CONSEIL 20 NOVEMBRE 2006

 

OBJET N° 30.01. Interpellation de M. GLINNE Ernest, Conseiller communal concernant la situation de la société coopérative immobilière « A Chacun son Logis »

Ernest GLINNE (ECOLO)

 

Texte

Madame, Messieurs,

L’intérêt communal étant concerné, je souhaite le délai de confidentialité étant depuis longtemps dépassé, interpeller sur la situation de la société coopérative immobilière « A Chacun son Logis ». La documentation nécessaire au bon entendement du Conseil communal me semble devoir comporter :

1.       les documents relatifs aux deux audits qui ont eu lieu, conclusions comprises bien entendu ;

2.       le questionnaire, réponses incluses, envoyé en fin de procédure à la tutelle ;

3.       à huis clos si nécessaire, l’explication de la rétroactivité de la décision prise à l’Assemblée générale extraordinaire du 19.09.2006 (à l’unanimité moins deux abstentions), fixant l’indemnité de la présidence au niveau du barème d’échevin de l’administration communale de Courcelles.

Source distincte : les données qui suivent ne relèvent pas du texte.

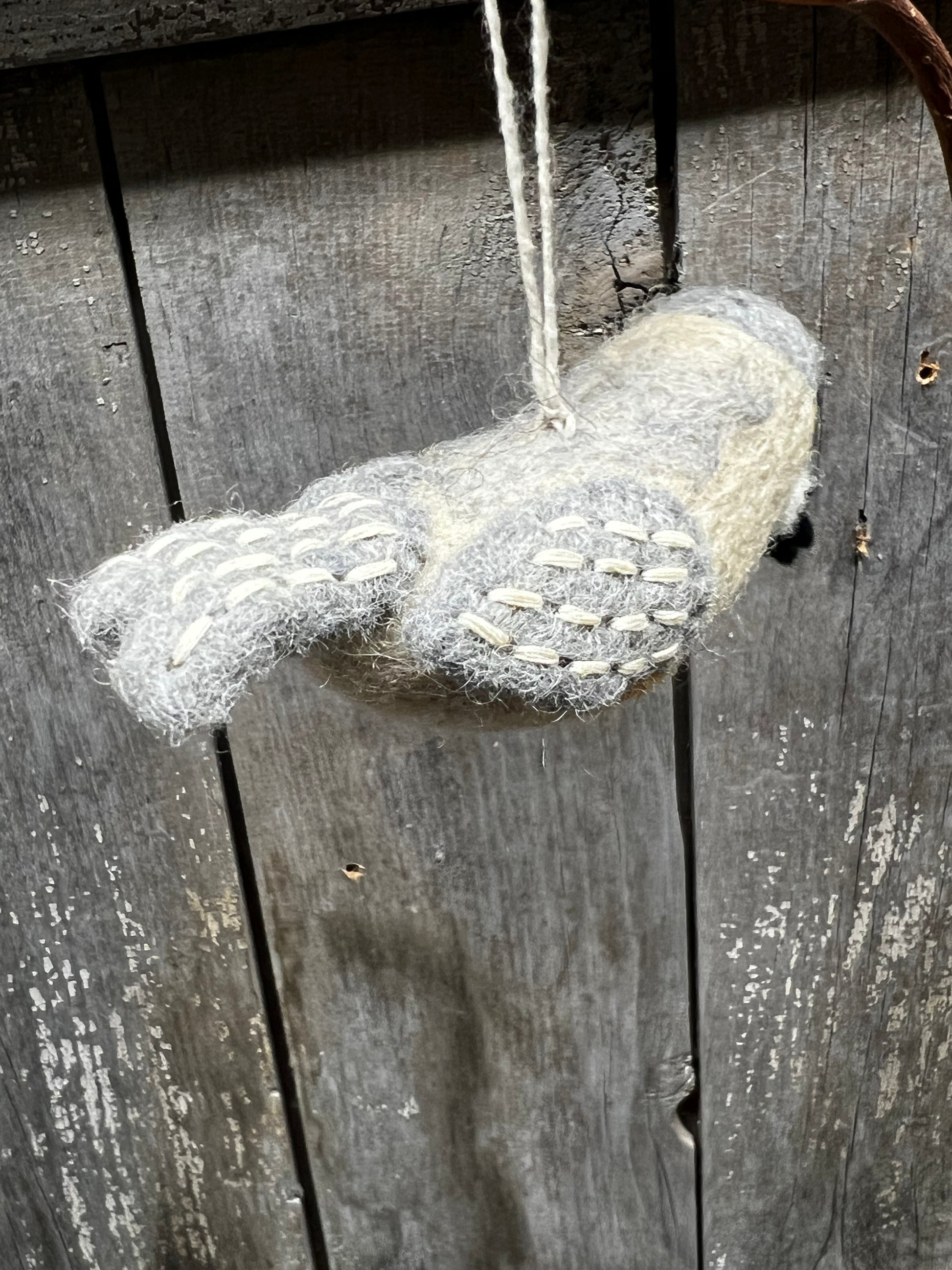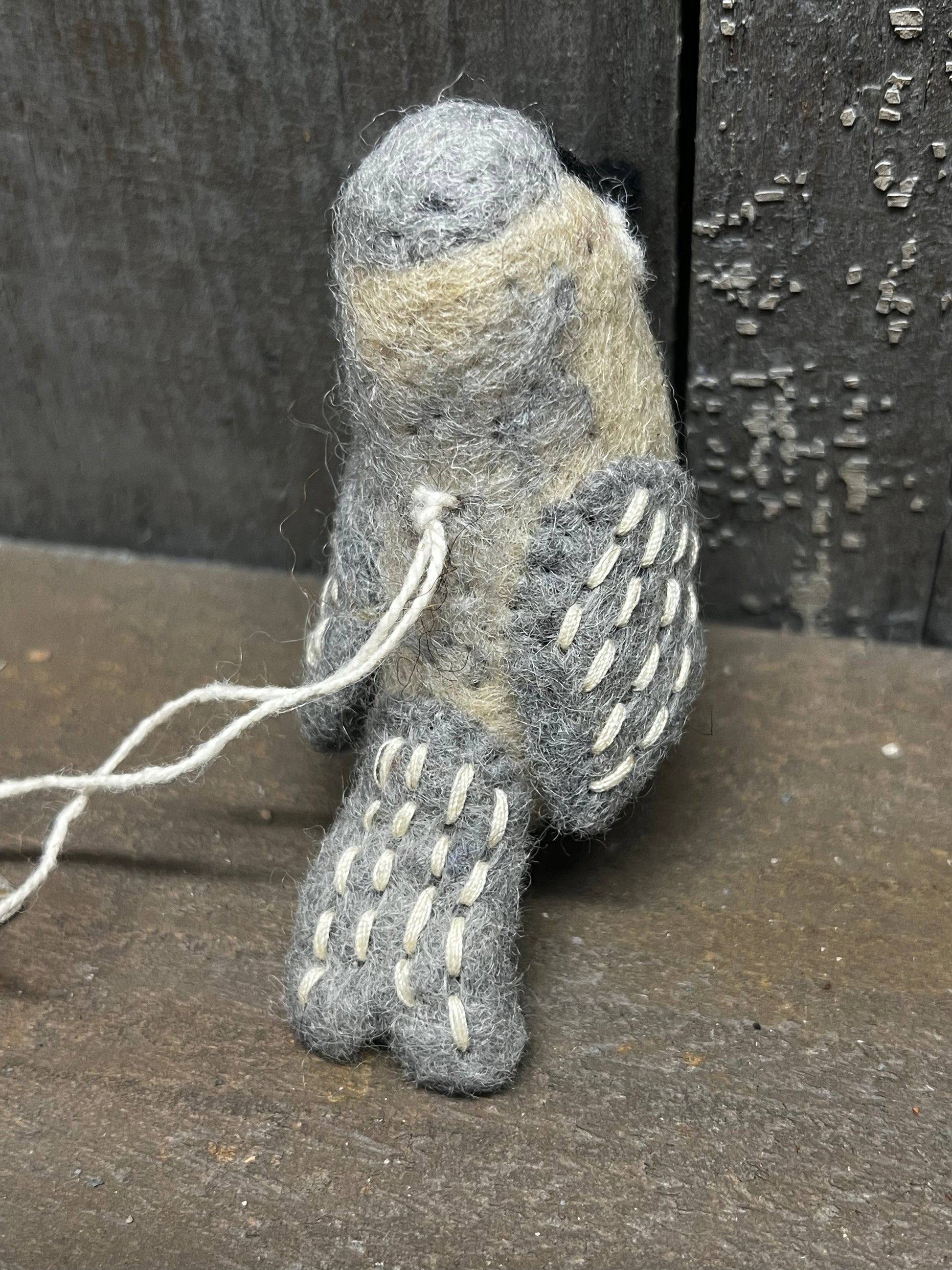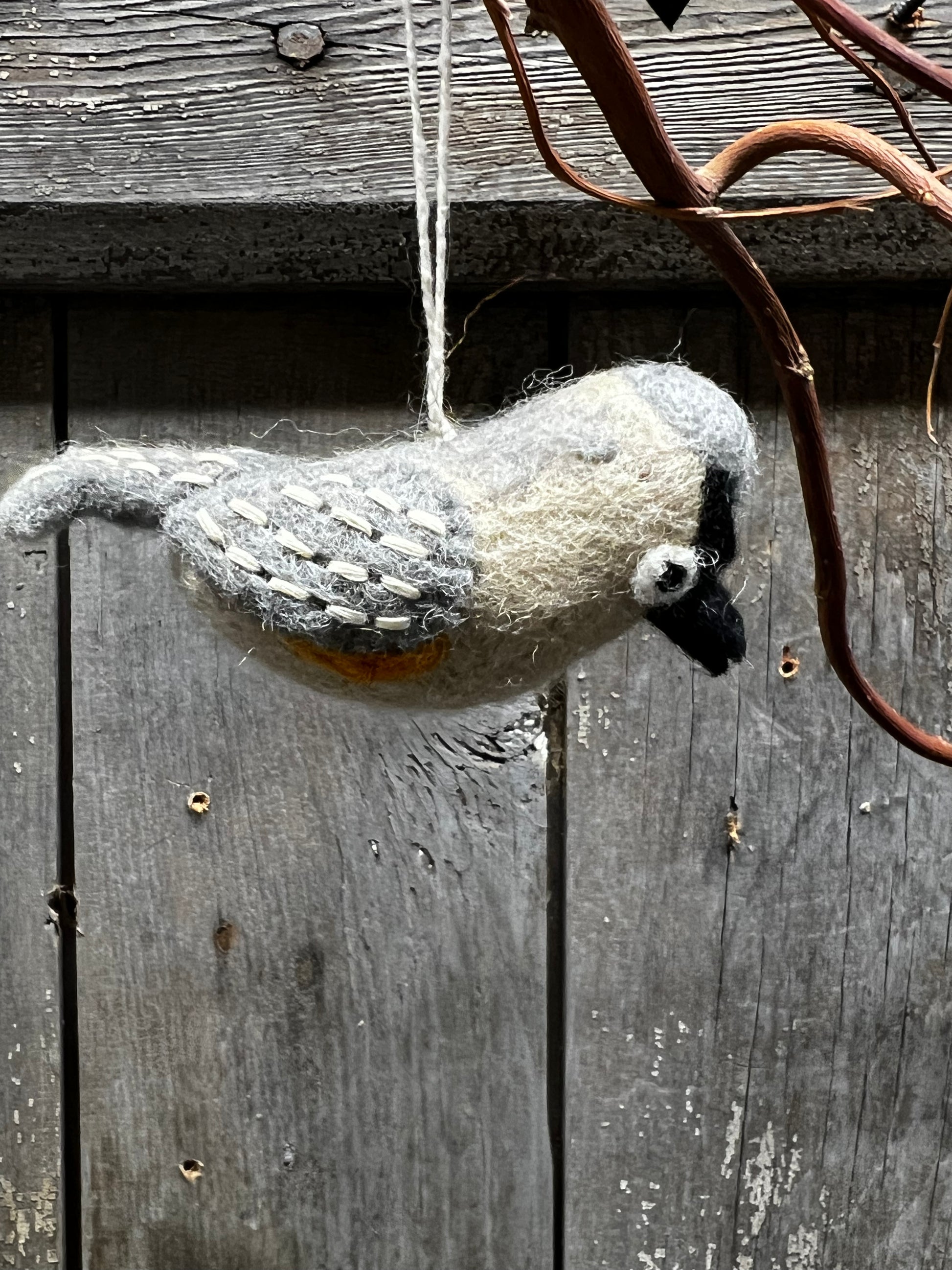 Sweet Tufted Titmouse in beautiful grey, orange, cream and black felted from pure natural wool from New Zealand. Uniquely hand crafted in Nepal. Measures about 2"x 3” hang as an ornament add a stick and use as a flower "poke" or a bowl filler when hang tag is removed.

Même si le débat devait être reporté à une séance ultérieure, je tiens à ce que la présente demande d’interpellation soit ajoutée à l’ordre du jour du Conseil communal du 20 novembre. Je vous remercie.

Bien cordialement.

                                                                                                 Ernest GLINNE

Débat 

M. GLINNE s’inquiète des suites qui seront réservées à l’audit. Il a interrogé leCollège diverses fois et les clauses de confidentialité qu’on lui a imposées en son temps ont disparu en suite des élections à l’assemblée générale du 18.09. Un seul point a été débattu à savoir la fixation du traitement de la Présidence. Il faut pour permettre un débat approfondi des éléments probants, les 2 audits et surtout les conclusions. Le texte que la société a transmis à son autorité de tutelle induit une incidence pécuniaire et rétroactive de la décision du 18.09. Ce n’est pas ce soir que l’on peut en parler puisque l’on ne possède aucun de ces éléments. M. GLINNE propose qu’une Commission puisse examiner l’ensemble sereinement.

Mme GILBERT répète qu’à l’époque elle était tenue par un devoir de réserve. Le bourgmestre lui a écrit en date du 31 octobre en souhaitant obtenir les conclusions de l’audit. Toutefois le dernier document est daté du 25 octobre et n’a été transmis qu’à la dernière semaine d’octobre. Nous avons décidé au Comité de gestion de transmettre les derniers documents dans lesquels ont constate le non respect de procédure pour certains cahiers de charges parce que la personnel qualifié a fait défaut durant 7 mois (c’est-à-dire après le décès de M. MENDIAUX). Je ne serais plus présente à partir du 04 décembre mais je reste à la disposition du Conseil communal dans le cadre de la Commission qui se réunira au sujet de la société des Habitations sociales.